デビューシングル「ジレンマ」がテレビアニメ「銀魂」のオープニングテーマに抜擢された大阪出身の女性3人+男性1人の混成4人組、ecosystem。その切迫感あるサウンドと情感あるメロディで、デビュー作から大きな注目を集めた。この「ジレンマ」に続く2ndシングル「月夜のnet」は「君としたい したい したい アレこれしたいよ」と、赤裸々な女性の欲求をストレートにぶつけたポップなナンバー。カラフルなシンセと、壺阪恵(Vo, G)の少しハスキーな歌声が印象的な一曲だ。

ナタリーではインタビュー初登場となる彼ら。まずはバンドの成り立ちから話を訊いていこうかと思ったが、作詞作曲を手がける中心人物・壺坂が取材場所を間違えたとのことで遅刻。

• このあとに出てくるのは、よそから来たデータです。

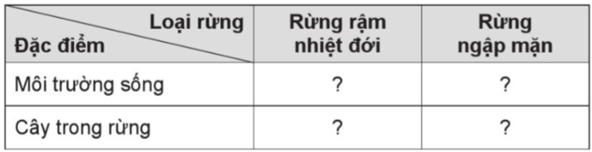 Câu 9 trang 8 VBT Lịch Sử và Địa Lí lớp 5: Lựa chọn các ý và sắp xếp vào bảng theo mẫu dưới đây để phân biệt đặc điểm của rừng rậm nhiệt đới và rừng ngập mặn.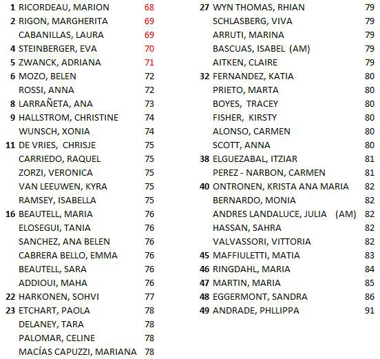 La austriaca Eva Steimberg es cuarta con menos 2; la madrileña Adriana Zwanck se ha situado en quinto lugar con 1 bajo par; la gaditana Belén Mozo y la italiana Anna Rossi comparten la sexta posición con el par del campo; y la navarra Ana Larrañeta, vigente campeona de España, es octava con más 1.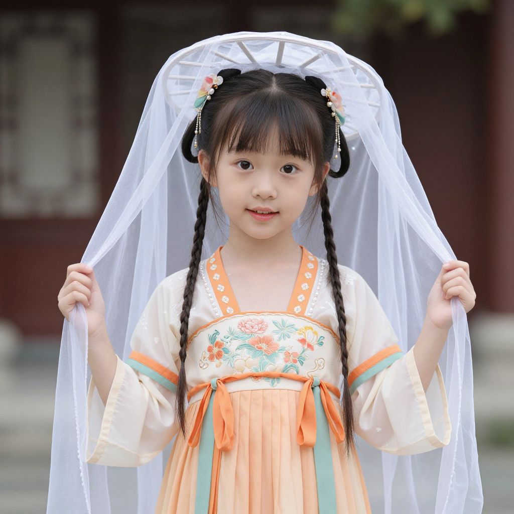 Promising Young Girl Costume, asian girl in traditional dress with veil and tiable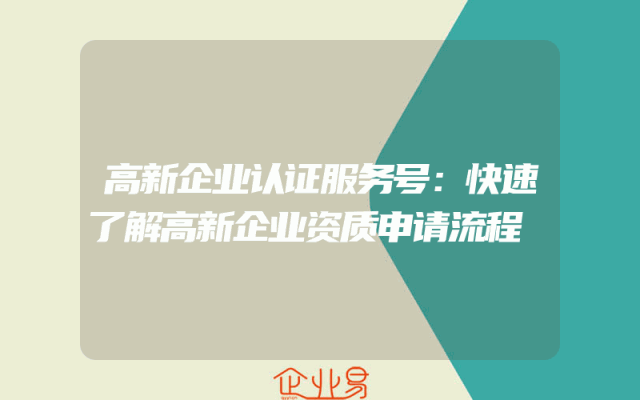 - 高新企业认证服务号:快速了解高新企业资质申请流程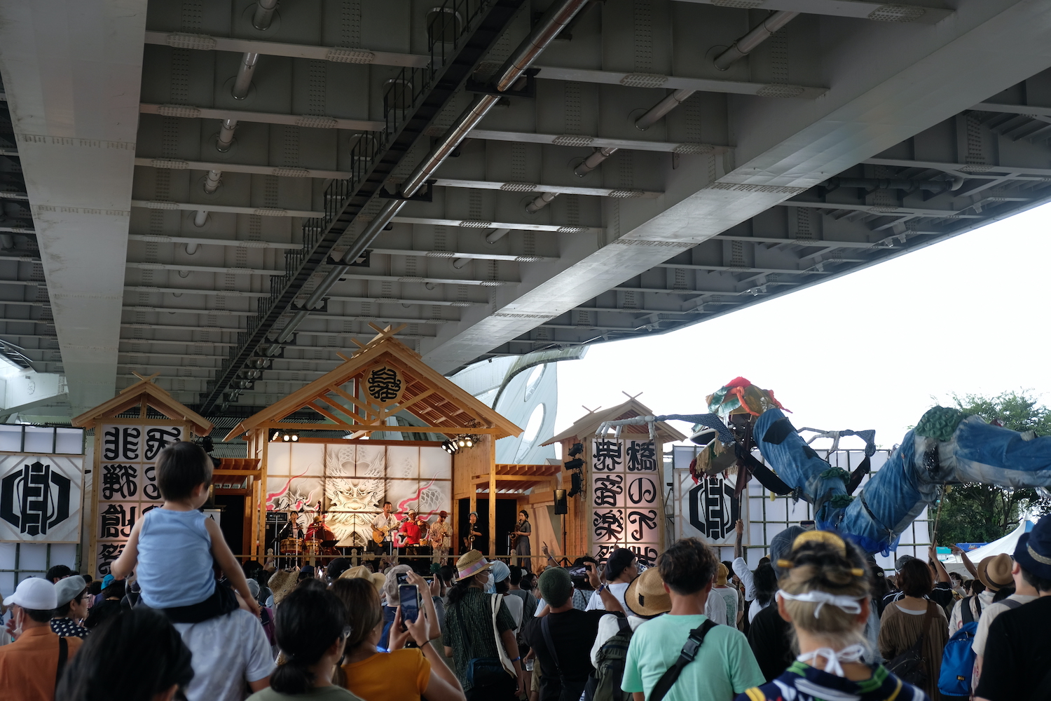 フジロックのオレンジエリアにステージが展開され、「フジロックが戻ってきた」と感じた人も多かっただろう。アジアなどの多様性を内包したそのORANGE ECHOをオーガナイズしていたのが橋の下チーム。あのステージは、橋の下でもメインステージと使っているものだ。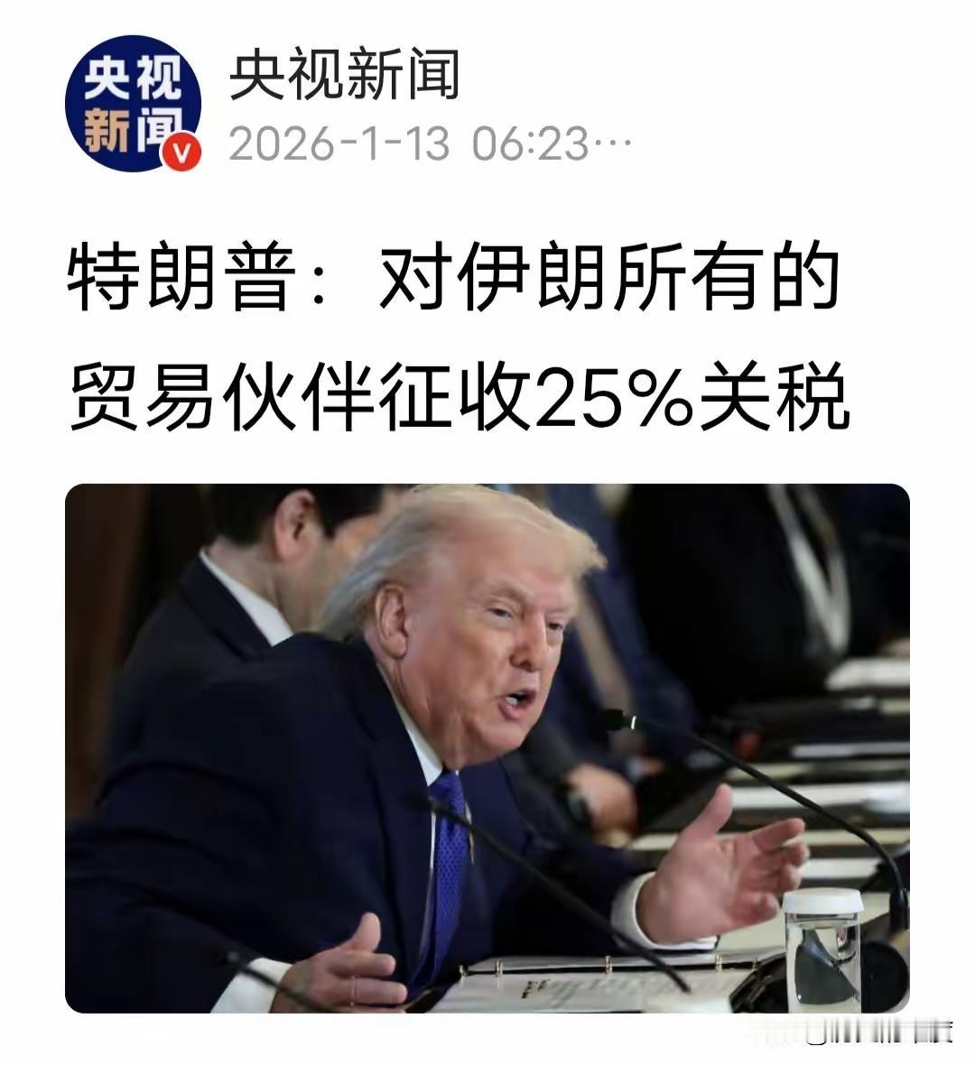 特朗普与五角大楼的将军们商量一宿,最终还是没有选军事打击。 特朗普终于出手了,宣布将对任何与伊朗有业务往来的国家征收25%的全面关税。 这个方式与外界预期差距较大。 西方媒体做了大量铺垫,渲染伊朗警察杀害大量群众的新闻,期待的自然是美国军事干预。 但他们不了解美国的苦恼,美国对打击伊朗也很头疼。 首先伊朗不是丹麦、巴拿马那种弱小国家,有很强大的军事实力 。 在上一次导弹袭击中,伊朗就曾经发射导弹打击周边的美军基地(虽然没死人)。 其次伊朗特殊地理条件可以反制美国 伊朗扼守波斯湾出口,多次扣押油轮报复美国,美国并没有什么好的反击办法。 昨天特朗普召集军方开会一晚上,披萨吃了不少,但办法没想出多少。 另外据《华尔街日报》报道,美国副总统万斯建议特朗普先尝试外交,再决定是否发动打击。 特朗普最终放弃军事干预,选择相对了经济制裁。 其实简单分析就发现加关税也很难落地。 因为伊朗贸易伙伴名单大部分都是刺头。 根据伊朗2025年贸易额来看,前五名分别为中国、阿联酋、伊拉克、土耳其、印度(后边还有俄罗斯、欧盟等)。 中国跟美国打了几个月贸易战刚刚休战。印度正在跟美国打贸易战。 土耳其一直以大国自居经常批评美国,最近是美国拉拢的对象。 另外特朗普加征关税这个手段用太多次,大家都免疫了。 比如泰国与柬埔寨再次冲突,特朗普拿加关税威胁也没用。 这三个特朗普都搞不定,估计糊弄几天再会找个新热点掩盖过去。 抢占格陵兰的话题就不错。 刺头不好惹,欧洲萌傻、听话、好推倒!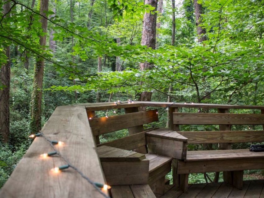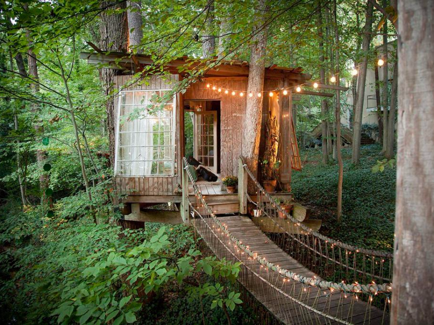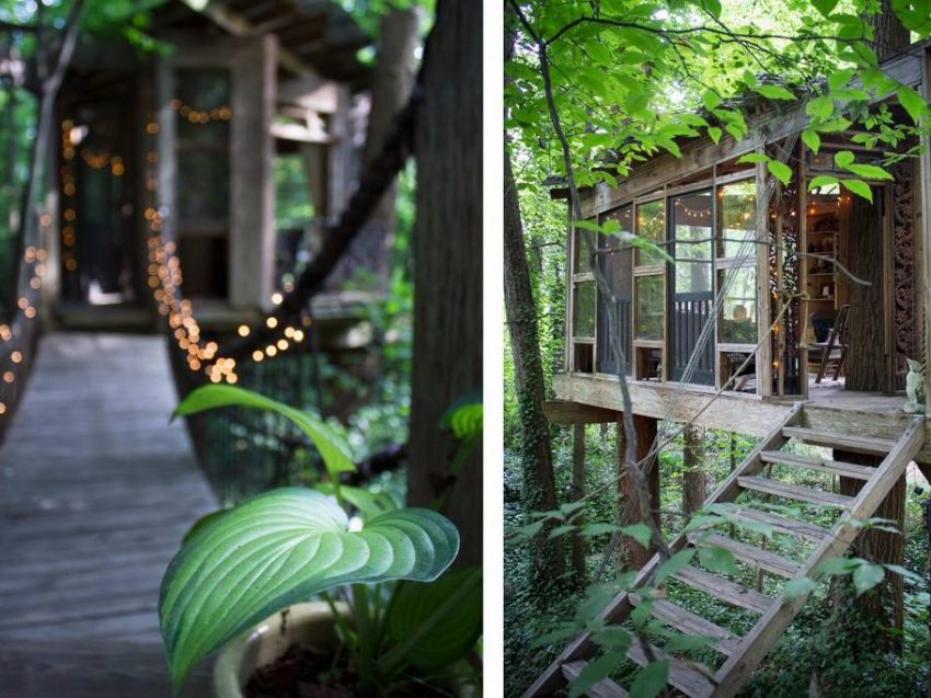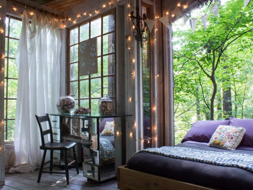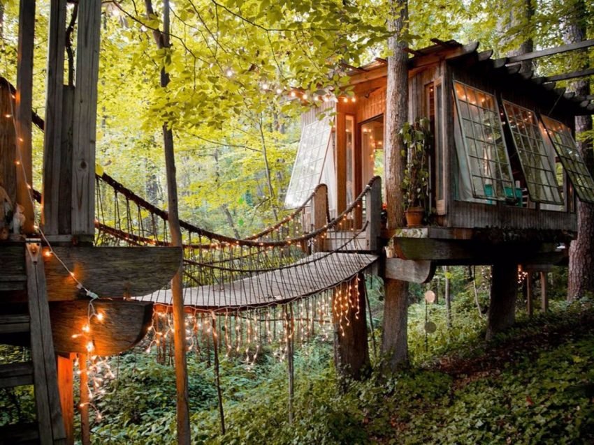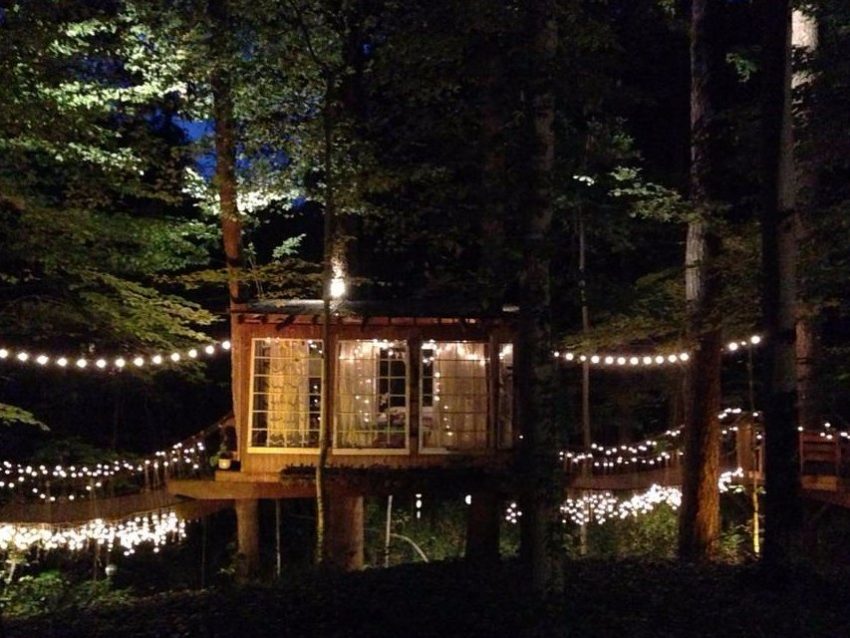 سلاسل من الضوء تضيف طبقة أخرى من الرومانسية  إلى منزل الشجرة.
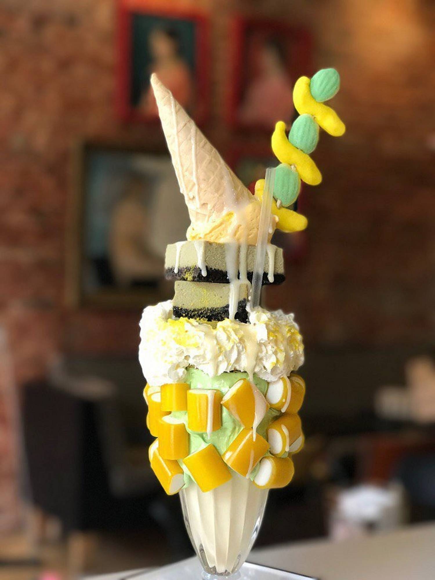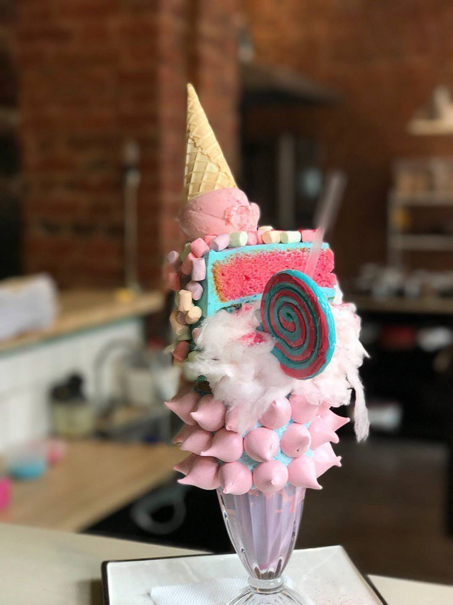 Еда и напитки. В меню — множество необычных позиций итальянской и американской кухонь: панкейки, тальятелле с грибным жюльеном, утиная ножка конфи и ромейн тоннато. Главный хит ресторана — гигантские овершейки с мармеладом, вафлями, мороженым, сахарной ватой и необычными фигурками. Такие десерты мгновенно приковывают внимание посетителей с соседних столиков и точно вызовут зависть у ваших друзей.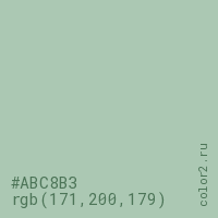 Цвет #ABC8B3 в цветовой модели RGB обозначается тремя октетами (171, 200, 179) в десятичном формате и #ABC8B3 в шестнадцатиричном (hex) формате, которые являются интенсивностью красного 171 (hex AB), интенсивность зелёного 200 (hex C8) и интенсивность синего 179 (hex B3).

後藤葉子(B)、空岡由梨弥(Dr)、荒井要(G, Key)のメンバー3人に話を訊いていくことになったのだが……。

取材・文 / 柴那典

ステージではカリスマ、下りると大阪のおばちゃん

──きっとほかのメディアでも壺坂さん1人かメンバー全員の取材でしょうし、こういう機会は滅多にないんで、今回は壺坂さんの「欠席裁判」から始めましょうか(笑)。

後藤葉子(B)空岡由梨弥(Dr)荒井要(G, Key) (笑)。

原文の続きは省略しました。